'''
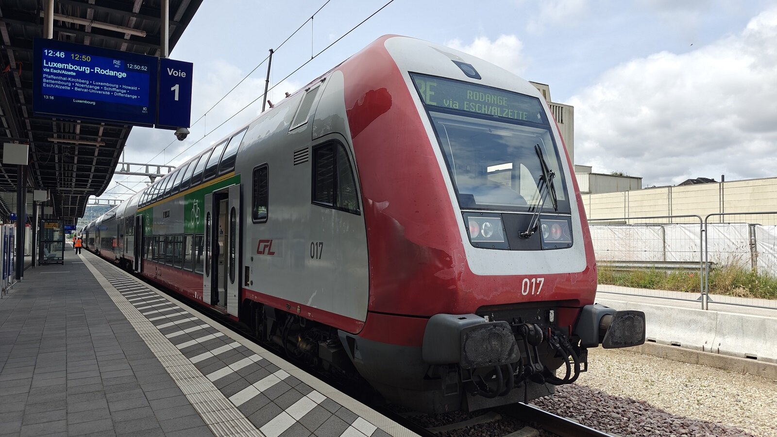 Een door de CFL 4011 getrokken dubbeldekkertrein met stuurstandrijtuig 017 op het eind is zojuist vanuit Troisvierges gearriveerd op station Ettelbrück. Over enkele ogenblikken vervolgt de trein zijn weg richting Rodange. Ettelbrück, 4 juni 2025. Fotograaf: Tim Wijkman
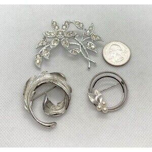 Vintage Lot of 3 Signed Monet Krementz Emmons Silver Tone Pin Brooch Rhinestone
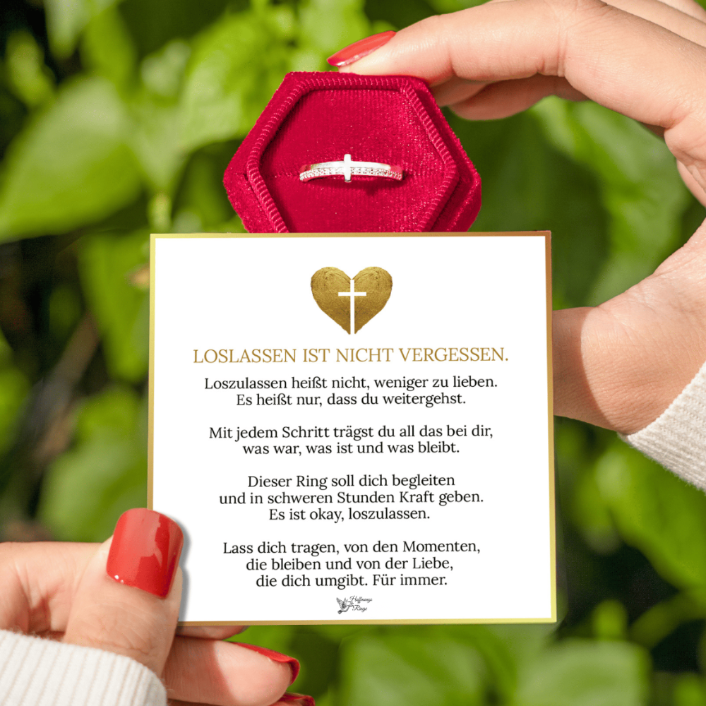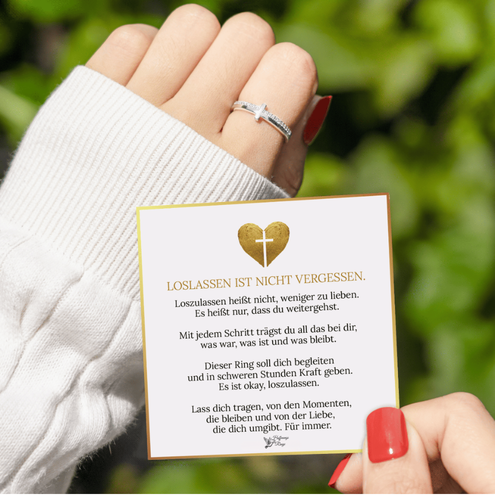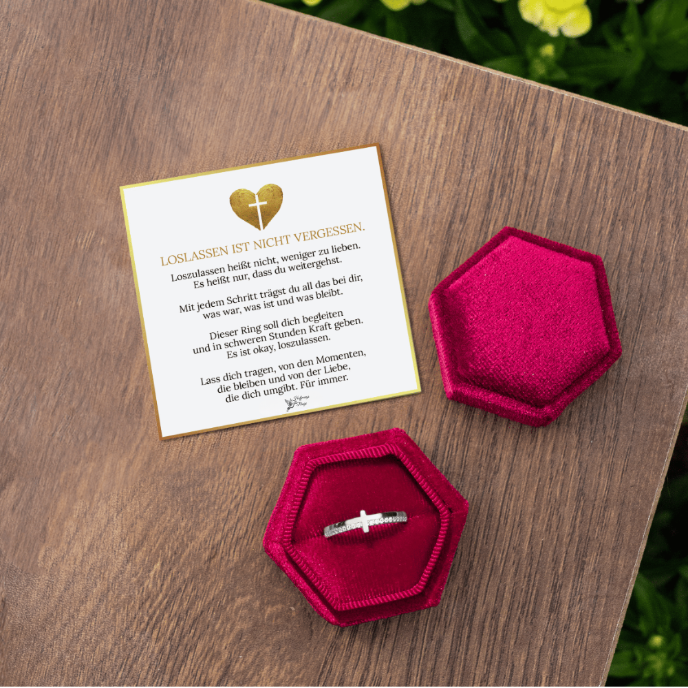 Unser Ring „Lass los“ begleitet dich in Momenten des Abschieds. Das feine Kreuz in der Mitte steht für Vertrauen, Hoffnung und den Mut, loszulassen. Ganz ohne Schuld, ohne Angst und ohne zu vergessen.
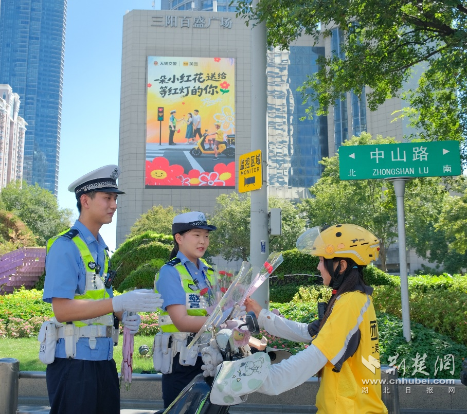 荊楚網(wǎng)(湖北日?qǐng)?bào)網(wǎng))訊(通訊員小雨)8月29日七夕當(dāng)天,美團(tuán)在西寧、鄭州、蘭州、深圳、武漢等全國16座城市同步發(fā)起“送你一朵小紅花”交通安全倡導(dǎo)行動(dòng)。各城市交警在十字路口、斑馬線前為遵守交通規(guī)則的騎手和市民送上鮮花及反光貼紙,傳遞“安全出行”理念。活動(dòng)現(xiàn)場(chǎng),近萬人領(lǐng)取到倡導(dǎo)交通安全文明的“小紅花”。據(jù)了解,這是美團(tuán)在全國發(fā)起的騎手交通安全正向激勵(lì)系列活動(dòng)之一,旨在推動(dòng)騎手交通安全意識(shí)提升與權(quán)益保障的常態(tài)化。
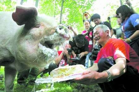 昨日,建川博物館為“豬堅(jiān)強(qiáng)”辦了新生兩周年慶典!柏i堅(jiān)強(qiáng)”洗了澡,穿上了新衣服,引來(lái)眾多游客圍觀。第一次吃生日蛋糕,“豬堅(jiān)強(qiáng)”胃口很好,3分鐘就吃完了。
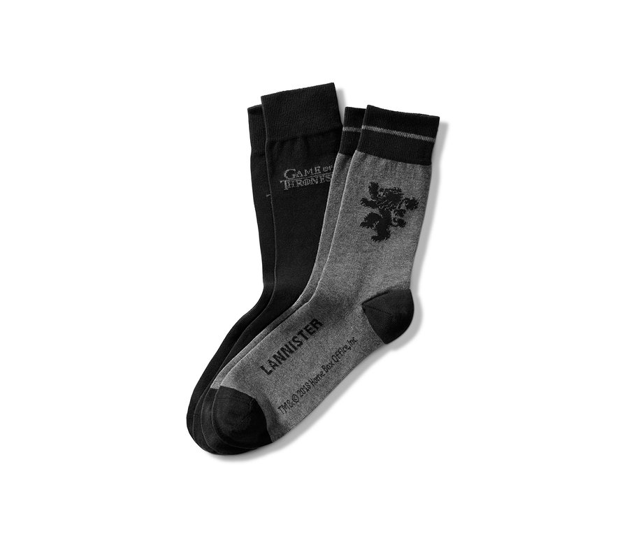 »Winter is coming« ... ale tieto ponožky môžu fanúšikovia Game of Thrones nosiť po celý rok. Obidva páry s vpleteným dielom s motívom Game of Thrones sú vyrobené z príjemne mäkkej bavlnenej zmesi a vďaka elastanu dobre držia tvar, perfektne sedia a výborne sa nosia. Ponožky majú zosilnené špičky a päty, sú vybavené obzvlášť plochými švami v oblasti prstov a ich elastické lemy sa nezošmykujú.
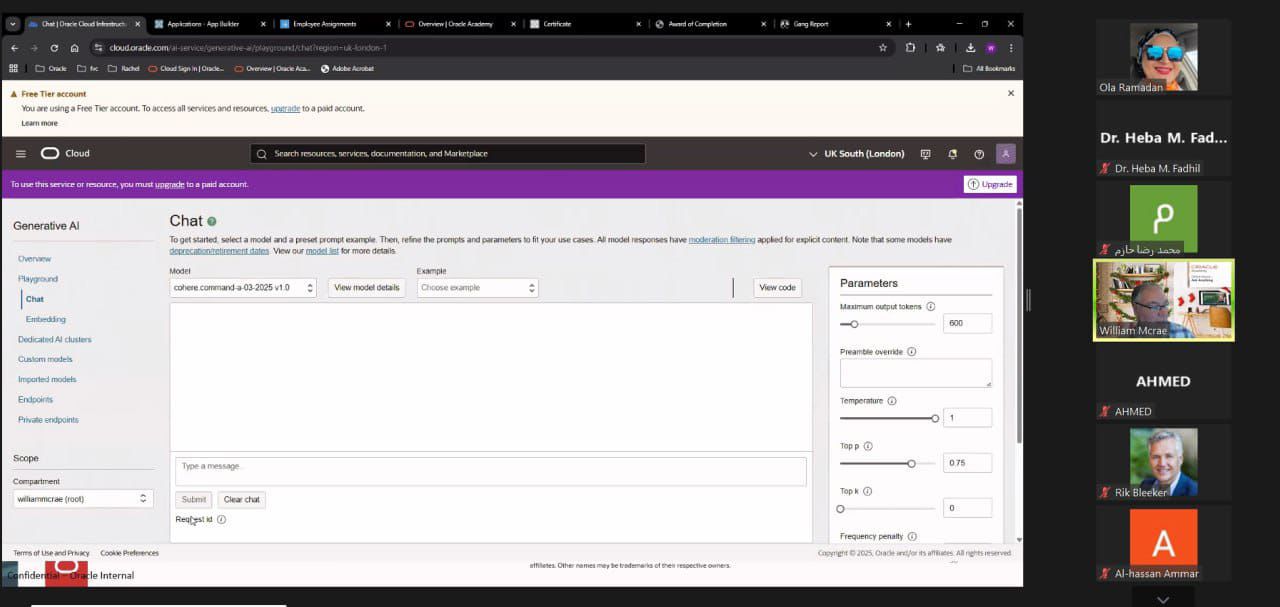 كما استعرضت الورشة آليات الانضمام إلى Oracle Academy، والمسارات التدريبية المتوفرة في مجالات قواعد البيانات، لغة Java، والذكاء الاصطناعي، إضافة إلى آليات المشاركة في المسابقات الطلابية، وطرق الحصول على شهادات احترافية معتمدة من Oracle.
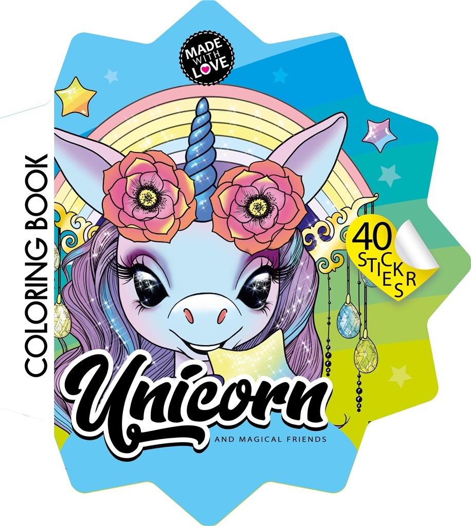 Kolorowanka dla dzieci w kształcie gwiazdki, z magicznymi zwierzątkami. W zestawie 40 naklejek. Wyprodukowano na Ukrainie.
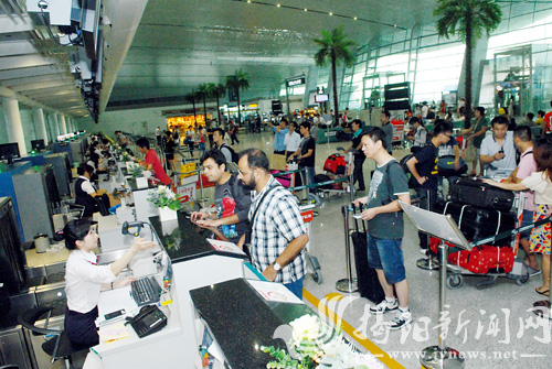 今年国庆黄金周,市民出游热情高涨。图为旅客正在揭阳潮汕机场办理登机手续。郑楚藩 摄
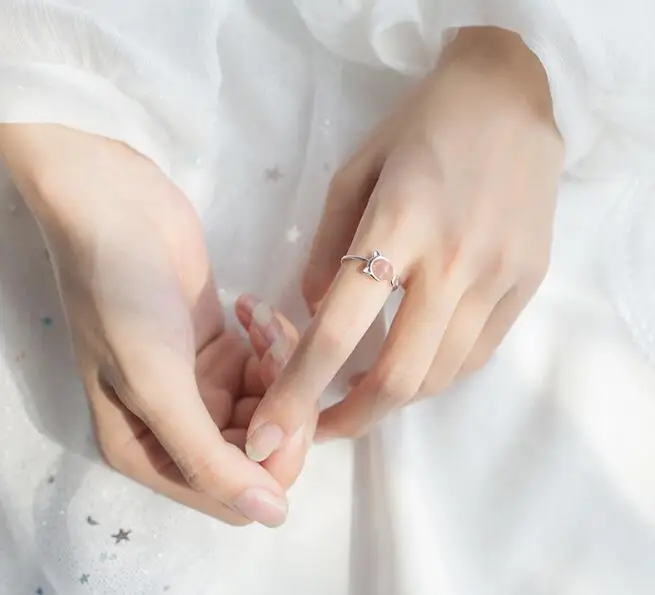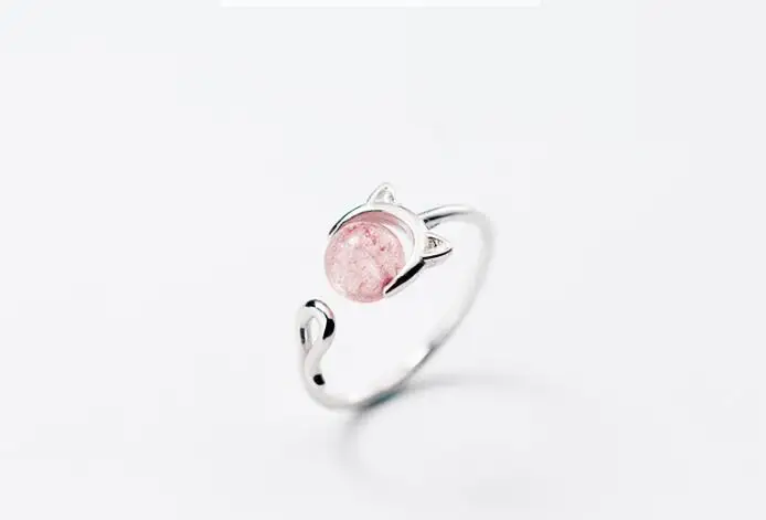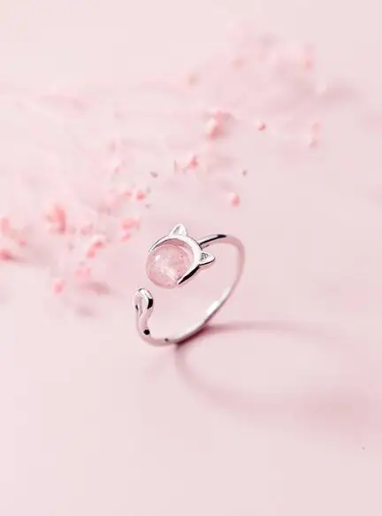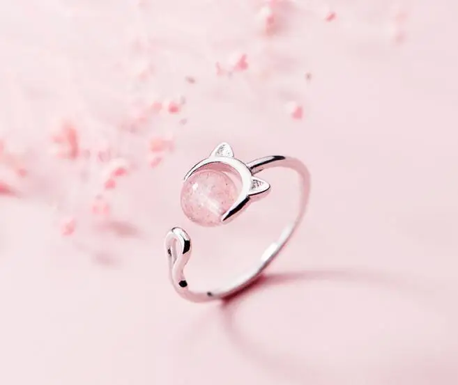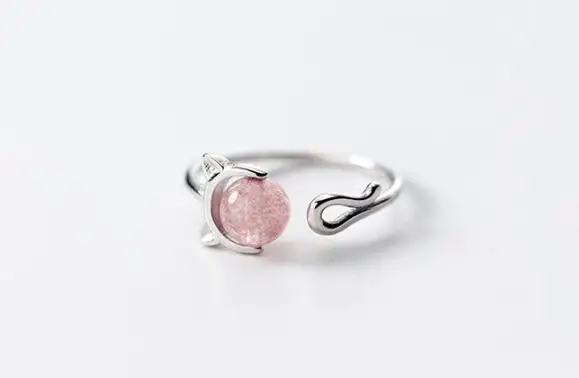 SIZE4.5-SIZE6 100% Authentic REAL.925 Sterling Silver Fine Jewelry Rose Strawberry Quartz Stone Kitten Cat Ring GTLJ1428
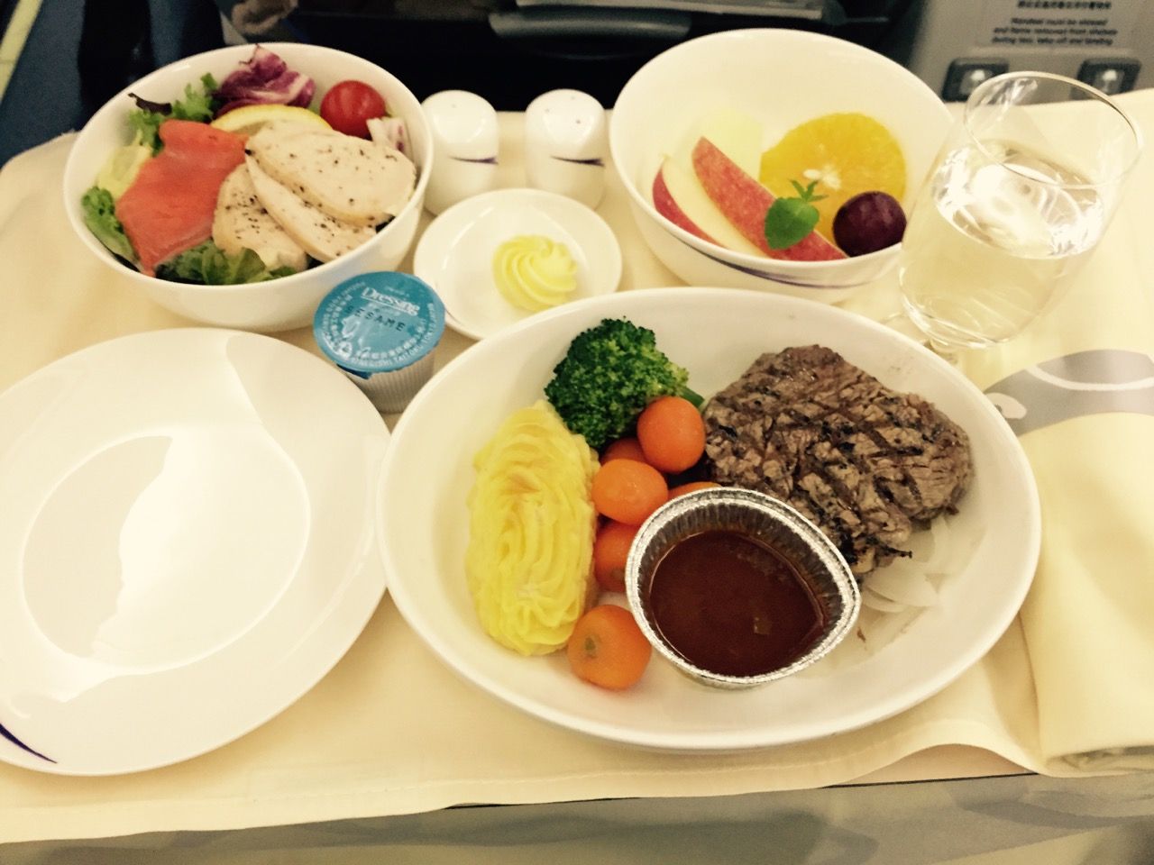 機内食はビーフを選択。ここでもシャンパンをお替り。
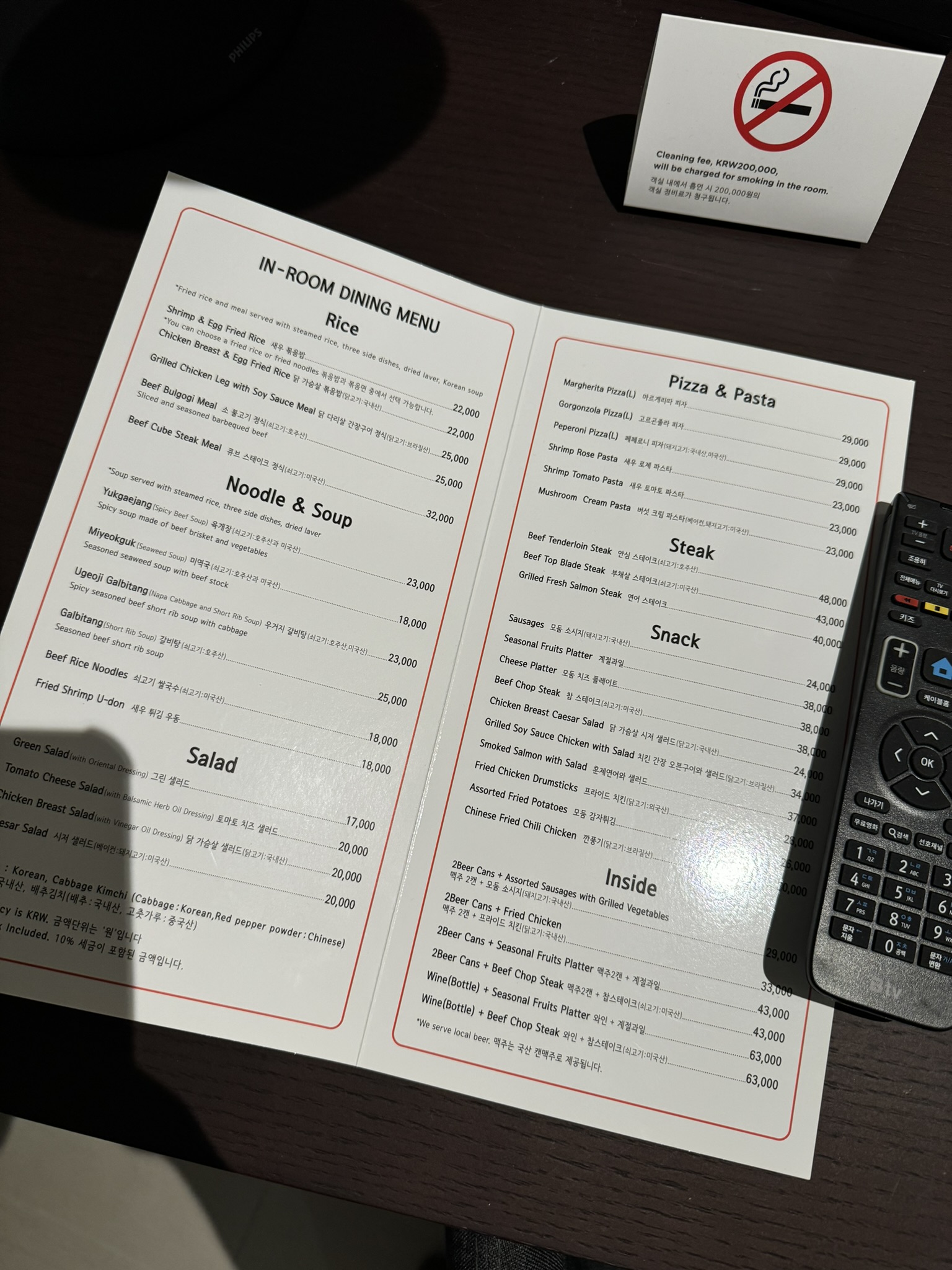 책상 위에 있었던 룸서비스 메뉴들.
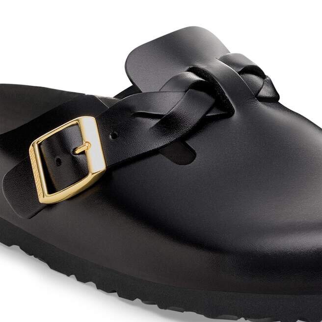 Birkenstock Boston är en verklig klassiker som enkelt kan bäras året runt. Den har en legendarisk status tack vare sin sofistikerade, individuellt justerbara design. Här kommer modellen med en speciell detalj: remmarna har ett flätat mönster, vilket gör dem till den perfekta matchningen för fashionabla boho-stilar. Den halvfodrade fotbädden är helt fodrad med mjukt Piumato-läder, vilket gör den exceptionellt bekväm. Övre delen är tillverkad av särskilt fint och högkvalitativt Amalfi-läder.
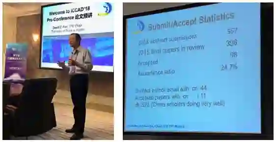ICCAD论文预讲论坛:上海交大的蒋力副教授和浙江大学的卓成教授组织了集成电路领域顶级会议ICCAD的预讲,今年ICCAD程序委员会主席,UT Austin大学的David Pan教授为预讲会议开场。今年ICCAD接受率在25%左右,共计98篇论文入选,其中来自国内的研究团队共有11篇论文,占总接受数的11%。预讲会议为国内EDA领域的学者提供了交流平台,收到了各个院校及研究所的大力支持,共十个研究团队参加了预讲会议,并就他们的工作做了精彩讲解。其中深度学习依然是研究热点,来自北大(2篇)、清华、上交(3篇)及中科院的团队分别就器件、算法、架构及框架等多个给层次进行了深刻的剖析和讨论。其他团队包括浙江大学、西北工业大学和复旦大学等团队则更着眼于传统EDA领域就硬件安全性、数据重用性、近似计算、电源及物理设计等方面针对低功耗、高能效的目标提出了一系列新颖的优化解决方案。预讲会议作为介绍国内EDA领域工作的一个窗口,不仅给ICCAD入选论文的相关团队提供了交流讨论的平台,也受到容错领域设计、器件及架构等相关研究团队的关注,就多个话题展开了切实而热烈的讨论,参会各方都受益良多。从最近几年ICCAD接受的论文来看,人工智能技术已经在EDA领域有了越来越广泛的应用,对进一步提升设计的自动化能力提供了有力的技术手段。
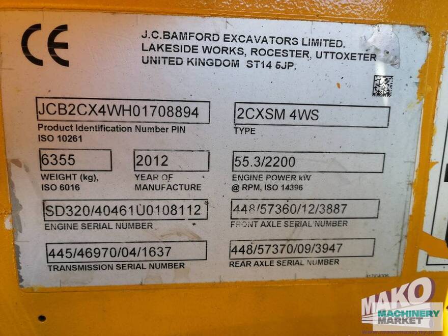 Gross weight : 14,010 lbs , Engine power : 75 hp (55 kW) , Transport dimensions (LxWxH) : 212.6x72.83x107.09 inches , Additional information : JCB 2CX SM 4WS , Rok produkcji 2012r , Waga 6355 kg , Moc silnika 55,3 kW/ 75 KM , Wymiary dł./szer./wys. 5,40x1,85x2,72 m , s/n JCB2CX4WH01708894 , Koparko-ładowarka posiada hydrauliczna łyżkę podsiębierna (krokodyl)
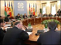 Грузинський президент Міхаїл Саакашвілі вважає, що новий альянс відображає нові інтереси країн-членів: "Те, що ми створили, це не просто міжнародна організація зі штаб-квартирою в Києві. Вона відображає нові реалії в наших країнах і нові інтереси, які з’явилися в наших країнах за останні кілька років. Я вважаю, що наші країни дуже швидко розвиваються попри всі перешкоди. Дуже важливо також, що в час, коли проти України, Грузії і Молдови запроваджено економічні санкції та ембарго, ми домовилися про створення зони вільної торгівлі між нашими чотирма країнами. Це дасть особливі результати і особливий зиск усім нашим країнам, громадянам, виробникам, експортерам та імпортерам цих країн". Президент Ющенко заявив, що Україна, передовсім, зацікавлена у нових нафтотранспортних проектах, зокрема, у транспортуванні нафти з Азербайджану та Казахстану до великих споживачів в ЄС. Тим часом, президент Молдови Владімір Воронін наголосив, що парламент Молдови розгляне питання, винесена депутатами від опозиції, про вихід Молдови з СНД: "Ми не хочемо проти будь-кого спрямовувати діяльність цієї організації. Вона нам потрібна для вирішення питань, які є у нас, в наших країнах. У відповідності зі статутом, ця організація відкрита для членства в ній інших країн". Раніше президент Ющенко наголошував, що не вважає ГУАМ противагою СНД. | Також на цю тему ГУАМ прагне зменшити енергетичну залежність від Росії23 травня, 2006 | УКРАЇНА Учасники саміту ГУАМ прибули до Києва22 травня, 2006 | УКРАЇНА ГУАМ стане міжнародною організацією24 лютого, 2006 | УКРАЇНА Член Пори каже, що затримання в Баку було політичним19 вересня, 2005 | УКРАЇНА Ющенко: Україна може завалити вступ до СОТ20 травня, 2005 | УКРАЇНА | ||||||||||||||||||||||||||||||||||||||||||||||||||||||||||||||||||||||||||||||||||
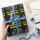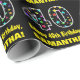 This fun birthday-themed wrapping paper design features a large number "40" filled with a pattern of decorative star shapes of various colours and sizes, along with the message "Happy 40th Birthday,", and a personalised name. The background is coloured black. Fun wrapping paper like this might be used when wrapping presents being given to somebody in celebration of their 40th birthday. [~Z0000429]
'''
= Task objective =
I'd like the lines above repeated exactly, from the one that contains "SIZE4.5-SIZE6 100% Authentic" through the one that contains "책상 위에 있었던 룸서비스 메뉴들.", with no pictures.

= Solution to this exercise =
 SIZE4.5-SIZE6 100% Authentic REAL.925 Sterling Silver Fine Jewelry Rose Strawberry Quartz Stone Kitten Cat Ring GTLJ1428
 機内食はビーフを選択。ここでもシャンパンをお替り。
 책상 위에 있었던 룸서비스 메뉴들.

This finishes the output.